Bonjour Amélie, ravie de te retrouver dans Inspire Afrika Magazine ! (Lire notre première interview avec Amélie dans le numéro 21 du magazine, ndlr) Tu viens de publier ton premier livre, Génération TikTok, un eldorado pour les marques, aux éditions Dunod. A quoi faut-il s’attendre exactement quand on achète ce livre ? Ce livre s’adresse en premier lieu personnes qui veulent connaître le fonctionnement de l’application, mais aussi approfondir leurs connaissances sur l’écosystème numérique actuel opposant les GAFAM et les BATX . Tout lecteur qui souhaite connaître l’histoire et l’origine de l’application chinoise est bienvenu. C’est aussi un ouvrage à destination des personnes ayant envie de se cultiver sur l’économique du numérique tout simplement.

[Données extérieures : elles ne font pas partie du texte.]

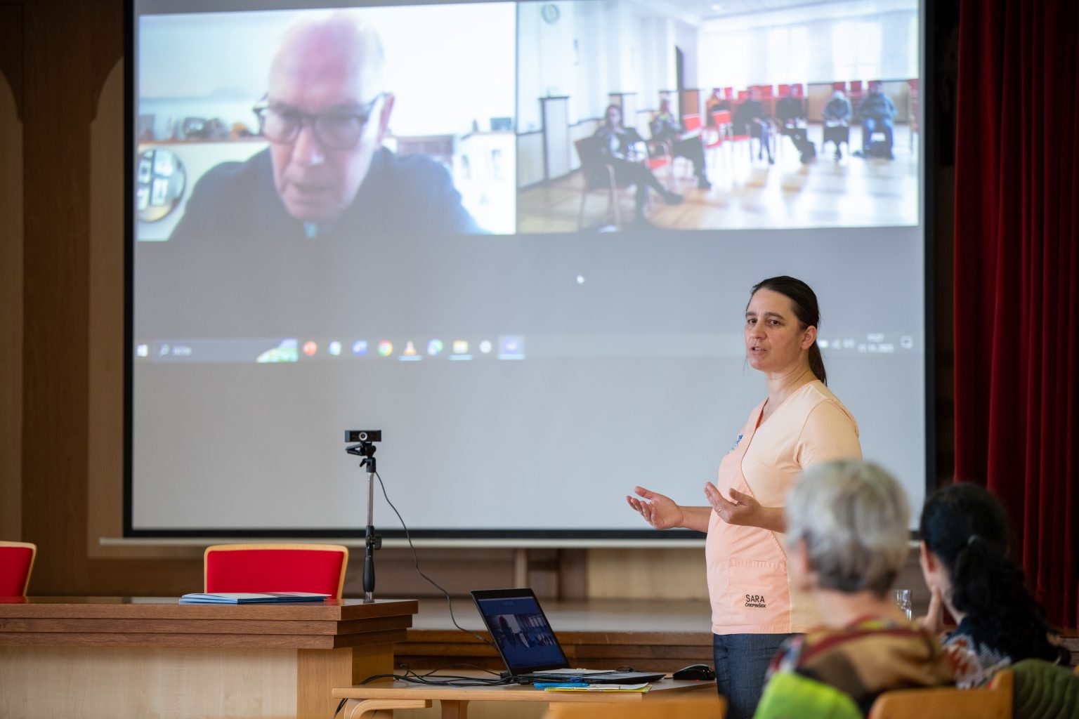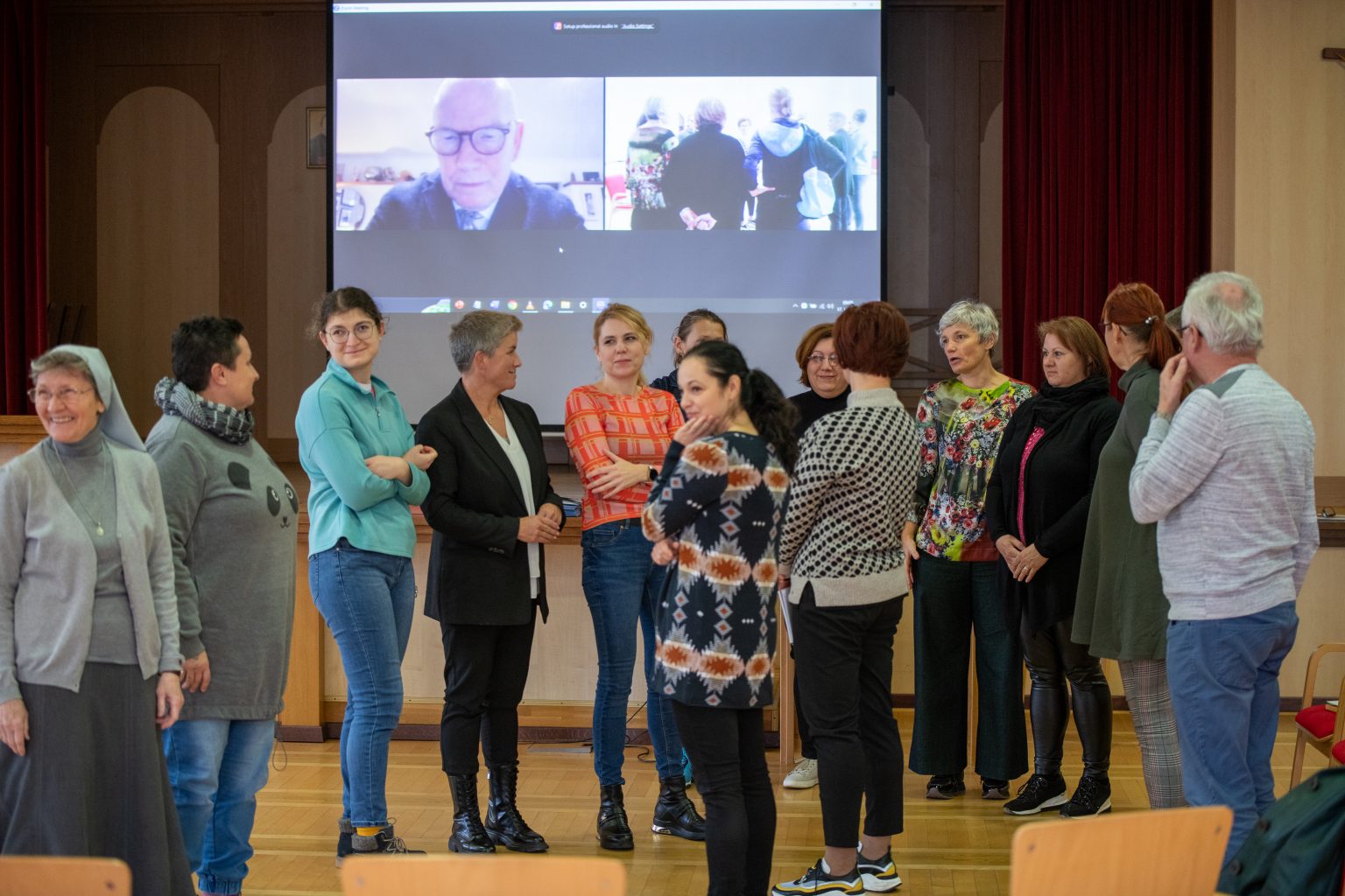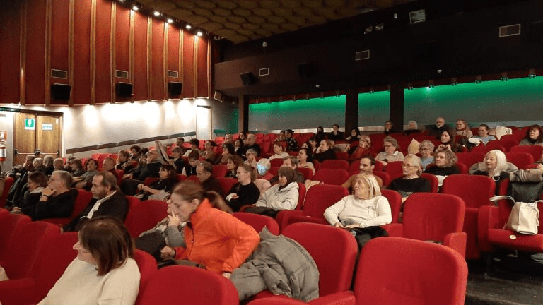 In a big auditorium of Fondazione Cardinal Gusmini, in a sunny day up in the Seriana Valley, over Bergamo city, a close-knit group of volunteers of the Hospice of Vertova, plus the hospice director Dr. Margherita Zambetti, the Head of Volunteers Silvana Messina, and other members of the team, followed with interest the screening of the play, and then we talked about it and how artistic performances are so meaningful in caring.
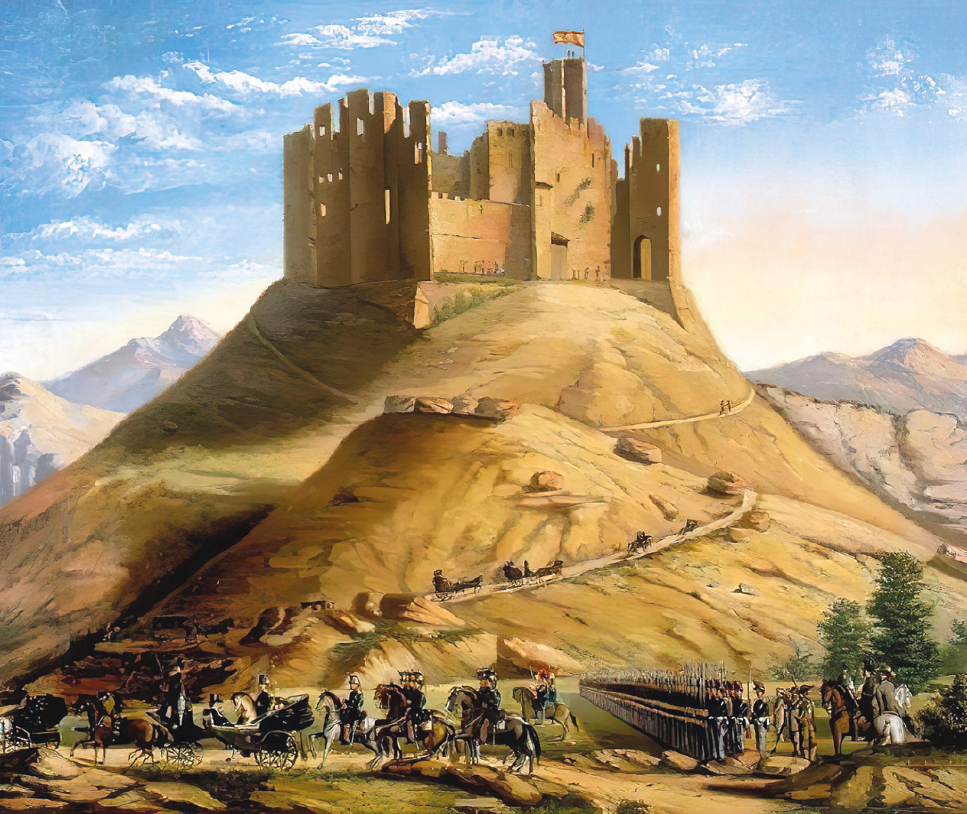 La parada del ejército de Isabel II en el castillo de Montearagón, obra de León Abadías, 1859. El joven Cajal recibió clases particulares de dibujo de León Abadías, discípulo de Federico Madrazo.
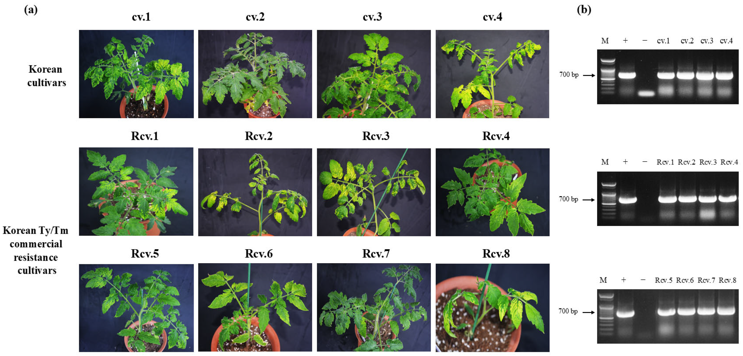 - Cho, I.S.; Chung, B.N.; Yoon, J.Y.; Hammond, J.; Lim, H.S. First Report of Pepino Mosaic Virus Infecting Tomato in South Korea. Plant Dis. 2023, 107, 971. [Google Scholar] [CrossRef]
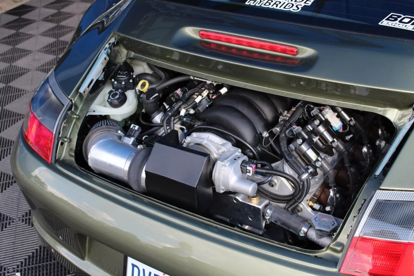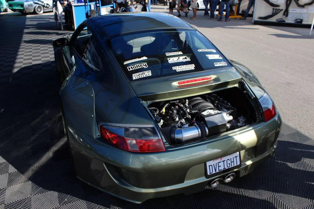 Porsche 911DV8 с 7,0-литровым V8 от Corvette По мнению ценителей наследия марки, Porsche 911 должен быть обязательно с оппозитной "шестеркой". Но за десятилетия жизни модели эти машины попадали в руки разных энтузиастов, некоторые из которых не считают радикальную замену мотора святотатством . В их числе и Ник Фузекис, директор по автоспортивному маркетингу ШИН Falken в США, справедливо назвавший свой проект на базе Carrera в кузове 996 "отклонением": в произношении имени 911DV8 игра слов — "V8" (прямой намек на тип двигателя) и "де -VI-ели "(собственно" отклоняться от нормы "по-английски). Сам автор так объясняет свою задумку:" Наблюдая эволюцию тюнинг-культуры и бум популярности Porsche 911, мы решили показать, что Carrera в забытом кузове 996 вполне можно превратить в надежную, доступную и быструю альтернативу более новым спорткарам. Porsche 911 с мощностью более 420 л.с. можно без проблем получить примерно за те же деньги, что и вдвое менее мощный Scion FR-S ". Действительно, поколение 996 (выпускавшееся с 1999 по 2004 год) ныне нечасто получает такую дозу внимания:. Более ранние +993 считаются последними классическими Porsche, а следующий кузов 997 дольше был на рынке и стал самым популярным в истории по объему продаж Справедливости ради, стоит отметить, что Ник Фузекис, мягко говоря, далеко не первый, кто установил V8 под капот Porsche 911. есть даже машина 1981 года, в которую впихнули 8,2-литровый биг-блок Cadillac. Но кроме всех этих отдельных единичных экспериментов есть компания Renegade Гибриды из Лас-Вегаса, с 1983 года продавшая более тысячи комплектов для свапа смолл-Chevy в блоков Porsche 911 всех поколений. Они формулируют свою миссию просто: ". Мы возвращаем Porsche беззаботную, доступную и приносящую радость эксплуатацию Для этого мы оставляем все хорошие стороны этих машин — управляемость, тормоза и внешний вид, но добавляем к ним большую и надежную мощность". По американским меркам, оппозитные моторы Porsche достаточно дороги в обслуживании и тюнинге, а отдача от вложений не впечатляет. Кроме того, по современным меркам классические 911 уже откровенно тихоходны, но по-прежнему выглядят солидным соперником для новых спорткаров. Кстати, такая же мотивация и у тех, кто меняет родные британские двигатели Jaguar XJ на Chevrolet V8 к печали пуристов — однако, пока эстеты грустят, более изобретательные энтузиасты ездят на 400-сильных Jaguar, тратя при этом на ремонт и обслуживание в несколько раз меньше . С появлением в 1997 году LS-семейства V8, У невадских мастеров появилось еще больше поводов для продаж сВОИХ свап-комплектов, так как полностью алюминиевые двигатели Chevrolet еще и весят примерно столько же, сколько атмосферные "боксеры" Porsche, при этом штатная мощность вырастает с "300" около "до 400 свыше". Это больше, чем у заводского твин-турбо от Porsche, который весит на 100 кг больше, а стоит в три раза дороже нового 6,2-литрового LS3. Базовый набор для установки Lsx-мотора в кузов стоит $ 996 3895 и включает в себя все необходимые подушки двигателя и их крепления, адаптеры для подключения всех систем (топливо, охлаждение, электрика, панель приборов), крепления для навесного и комплект сцепления, позволяющее совместить LSX с КПП от Porsche. Гибриды Renegade Опционально предлагают электрический усилитель руля ($ 1295) и электрическую помпу ($ 1195). И, разумеется, свежеустановленный V8 можно тюнинговать дальше по прекрасно известным рецептам, но серийная 6-ступенчатая трансмиссия Po
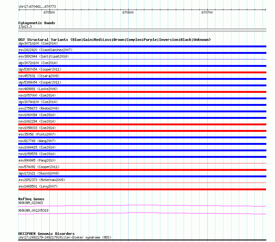 Variant DetailsVariant: esv1468501| Internal ID | 12631623 | | Landmark | | | Location Information | | | Cytoband | 17p13.3 | | Allele length | | Assembly | Allele length | | hg38 | 313 | | hg19 | 313 | | hg18 | 313 |
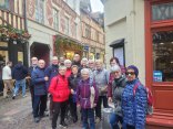 Sous un rayon de soleil rasant qui fait presque mal aux yeux, nous nous retrouvons devant le théâtre des arts. Ça discute déjà par petits groupes, heureux de se revoir, quand nous partons vers la rue d ‘Harcourt…. Puis nous enfilons la place du Vieux Marché, la rue des Bons Enfants, la rue Beauvoisine, avant d’aller jusqu’à la Croix de pierre, pour revenir par la rue Eau de Robec, le bas de la rue de la république…. Admirant au passage les colombages. Mais surtout à la recherche d’enseignes anciennes et de vieilles publicités peintes sur les murs de briques. Notre ville arbore un magnifique patrimoine et des richesses de détails variés que nous regardons à peine en traversant les quartiers habituellement. Notre promenade nous permit d’en saisir plus particulièrement quelques- uns avant le pot de fin d’année traditionnel pour notre groupe, place de la Cathédrale …. Pascale Marais
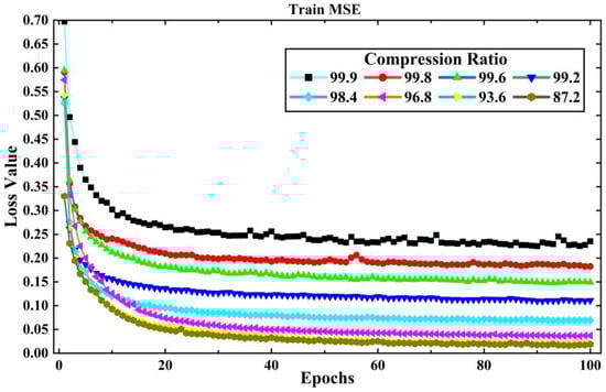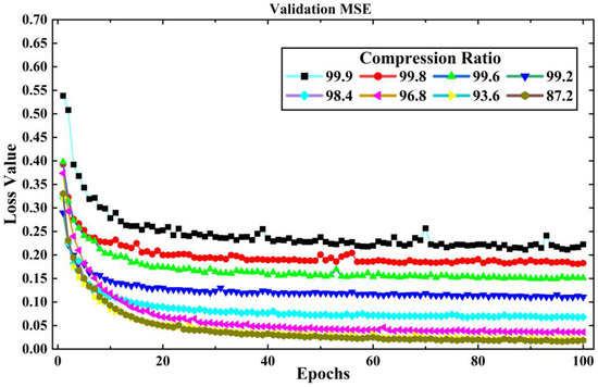 The training set of LEMP waveform data is input into the LCSAE model for training, and the validation set is used to test the reconstruction results after each round of training. Then, the model parameters are updated according to the verification results to prepare for the next round of training, and ends after 100 rounds of training. The original length of the LEMP waveform is 1000, the compression range is between 1 and 128, and the corresponding CR is 99.9% to 87.2%. In the experiment, the LCSAE model is first used to compress and reconstruct the −CG. During the process of the experiment, the loss value MSE for training and validation are shown in Figure 7 and Figure 8. It can be seen that with the increase of epoch, the MSE generally shows a downward trend. At the same time, with the increase of CR, the corresponding MSE of each group also showed an increasing trend. This is because a larger CR corresponds to a smaller feature encoding of the model, and the corresponding compression difficulty will also increase.
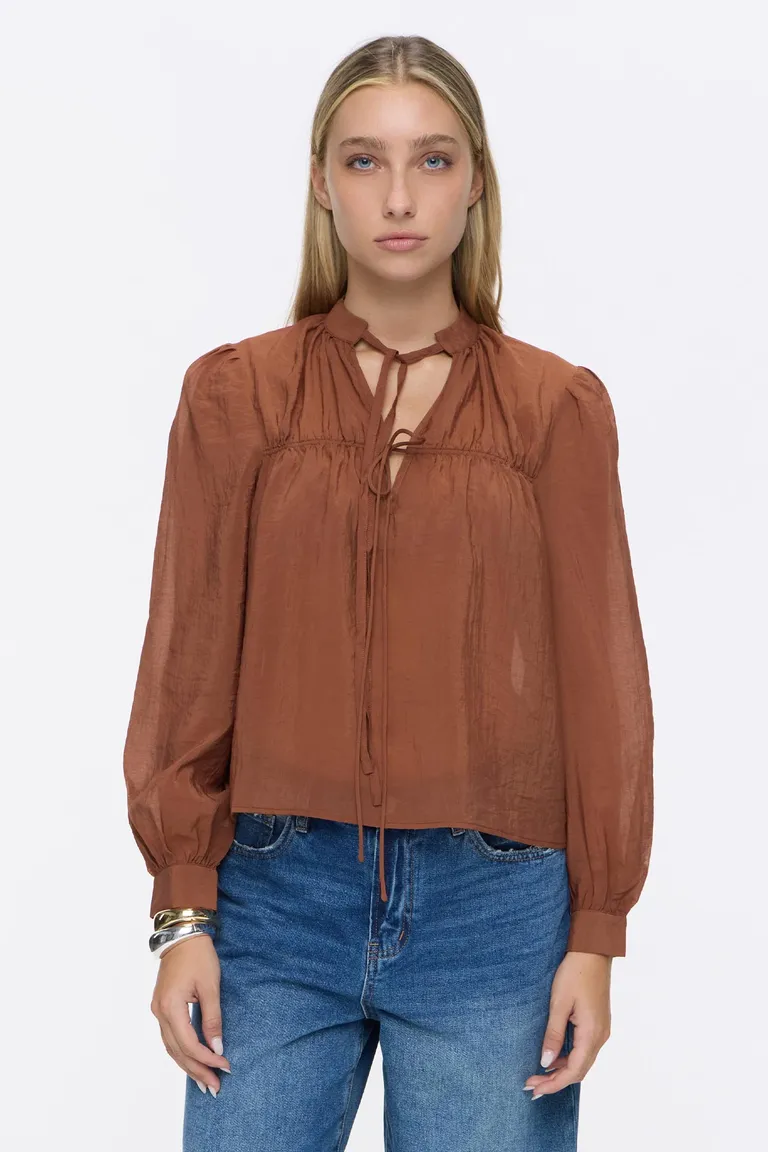 Blusa de mangas largas con detalle de jareta regulable en el frente y escote con tiras para atar. Presenta un diseño de calce holgado con puños ajustados y cuello alto, ideal para combinar en cualquier ocasión cotidiana. Una prenda versátil y cómoda para sumar al guardarropa de temporada.
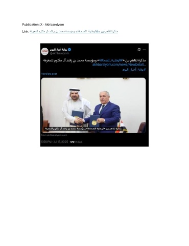 Publication: X - Akhbarelyom Link: ةفرعملل موتكم لآ دشار نب دمحم ةسسؤمو »ةفاحصلل_ةينطولا#« نيب مهافت ةركذم

Pourquoi as-tu décidé d’écrire ce livre. Quel a été l’élément déclencheur ? Une rencontre parfaite avec l’éditeur et le timing dans lequel je m’inscrivais sur le plan professionnel. J’ai longtemps éduqué les marques à l’usage de la plateforme au sein de l’agence pour laquelle je travaillais. Très tôt, j’ai contacté l’un des premiers salariés en Europe à venir présenter TikTok au sein de l’agence, et ça m’a tout de suite donnée envie de comprendre comment l’application fonctionnait. À l’époque le seul bureau d’Europe était à Londres, c’est dire. J’ai vraiment assisté à l’expansion du réseau social à l’échelle du monde. J’en parle dans le livre et c’est ce qui est intéressant à analyser dans les prémices de son histoire.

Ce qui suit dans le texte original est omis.